Welcome to Rule of Clarity: Applied to Infrastructure as Code, in this post I am going to go over the rule of clarity, and why it's important to your scripts, playbooks, modules and recipes.

What is the Rule of Clarity?
Simply put, the rule of clarity tells us that we should be writing code for communication to ourselves and other developers, and we should not be writing code for cleverness or looking cool with some obscure function.

When writing functions or components or roles or any piece of code, you should be writing for clarity in that you should never trade off a small performance gain for obscurity and complexity.

You should strive to write your code to be read like a book. You can start reading that book and gain context about the topic fairly quickly. You should understand the story your code is trying to tell you when finished.

Having easy to read and understand code is much easier to debug and maintain than overly complex and clever code. If you're reading and re-reading your code after coming back to it or another developer is doing the same to your code... It's time to consider refactoring it into something a bit clearer.

If there is no way around the complexity of a function and a deadline is looming, then this is where comments can help, but comments are not a crutch for poor naming and clearly written code.

Self-Documenting Code

To me, code should also be self-documenting, comments are fine, but they often become stale and outdated. Some people tend to put a lot of effort into their code comments with little regard into the code itself.

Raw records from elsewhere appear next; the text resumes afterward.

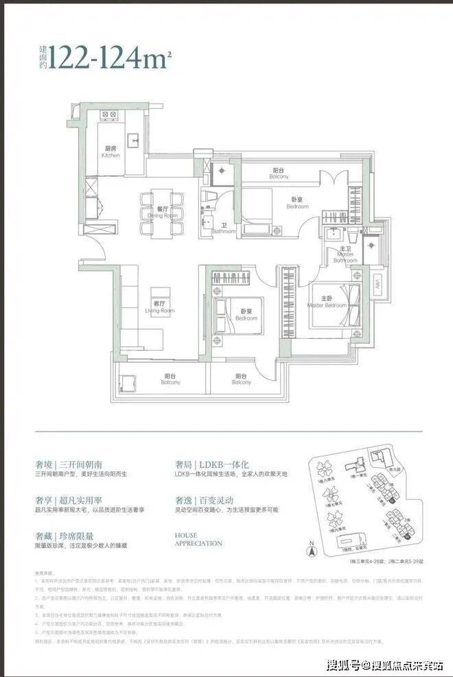 商品房有约923套105-124-144-190-220-260-280㎡的3-6房和少量特色单位,户型选择比较多。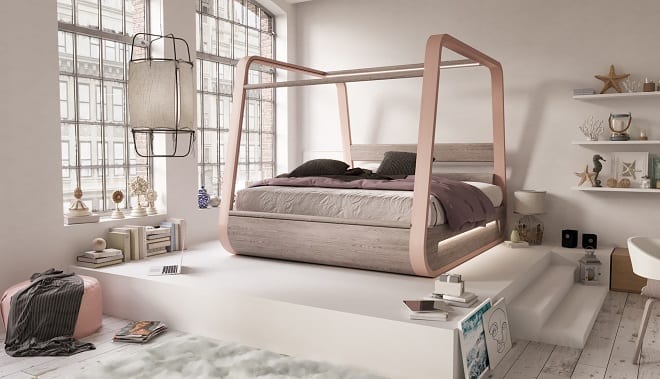 ฟาบิโอ วิเนลลา สถาปนิกและนักออกแบบภายในชาวอิตาเลียนเป็นผู้ออกแบบเตียง HiBed ให้กับบริษัทผลิตเฟอร์นิเจอร์ Hi-Interiors รูปทรงของเตียงดูโมเดิร์นและเพรียวบางอย่างมีรสนิยม เตียงไฮเทคนี้ติดตั้งจอขนาด 70 นิ้วแบบม้วนเก็บได้ ซึ่งเอื้อต่อการนอนดูสตรีมมิ่งรายการโปรดหรือถ้าจะทำงานก็ย่อมได้เช่นกัน ไม่เพียงเท่านั้น เตียงอัจฉริยะรุ่นนี้ยังติดตั้งโปรเจคเตอร์ที่มีความคมชัดระดับ 4K ให้เลือกใช้ด้วยถ้าแค่ไฮเดฟธรรมดายังไม่จุใจ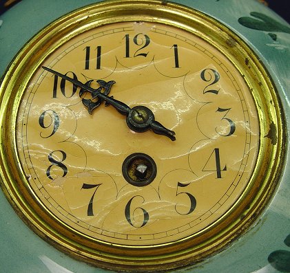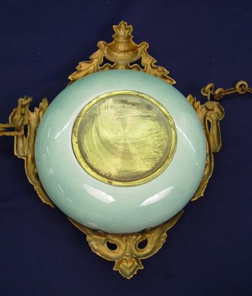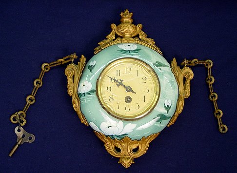 FRENCH HANGING PORCELAIN CARTEL CLOCK ON CHAIN: French movement signed Paris GA France. Gilt metal mountings. The laquered paper dial is 5'' dia, hinged beveled glass front. Diameter of case is 11'', 14''h, overall. Key wind, key included.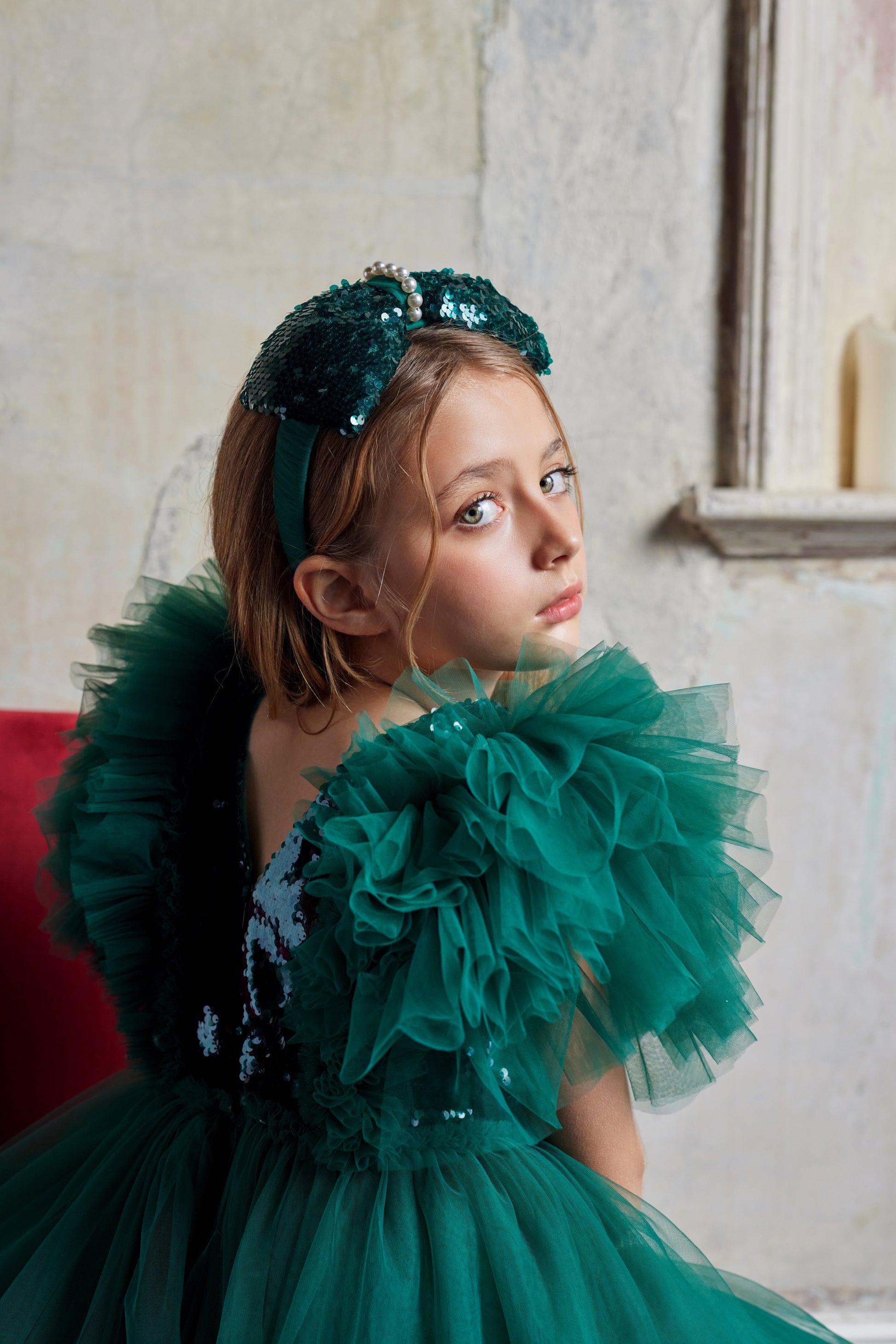 A stunning accessory featuring dark green sequins that shimmer like precious emeralds. The centerpiece is a big bow adorned with lustrous faux pearls, adding a touch of elegance to any hairstyle. Perfect for special occasions or everyday wear, for kids by MissyX.

While the below are extremely oversimplified bash examples, the difference in the two is clear. If I come back months later to code that is written in the style of the first example, it will take me a lot longer to get a solid understanding of what is happening vs the second example, where I can get up to speed a lot quicker.

#Not Self-Documenting:
for X in myFile; do  
  # do something with ${X} ...
# Self-Documenting:
for HOSTNAME in hostInventory; do  
  # do something with ${HOSTNAME} ...

Name With Meaning

If you have been following along, then you know I do not advocate one tool over another, but prefer to adhere to a set of principles. This is not a comparison of ansible vs puppet vs salt vs chef. However, this is to demonstrate, that no matter your choice of configuration management, you need to give your variables meaning.


  config_file_path:  '/etc/nginx/nginx.conf'
  config_file_mode:  '0644'
  config_file_owner: 'nginx'
  config_file_group: 'nginx'


  $config_file_path  = '/etc/nginx/nginx.conf'
  $config_file_mode  = '0644'
  $config_file_owner = 'nginx'
  $config_file_group = 'nginx'

Notice this is a common sense approach. Config File Path is a lot clearer than say Path, path to what? Variable length shouldn't matter and should be clear and descriptive. This is self-documenting. You will not require superfluous comments peppered throughout your code when your code speaks for itself.

comments are no excuse for poor naming

This does not just apply to variables, but names of roles and components. This applies to everything that you provide a name for. Do not simply name something off the top of your head or provide a temporary name only to forget its purpose down the road.

When we go into the Rule of Least Surprise, this will become clearer as when names provide meaning, it's easier on the consumers of your automation as well, not just on the developers.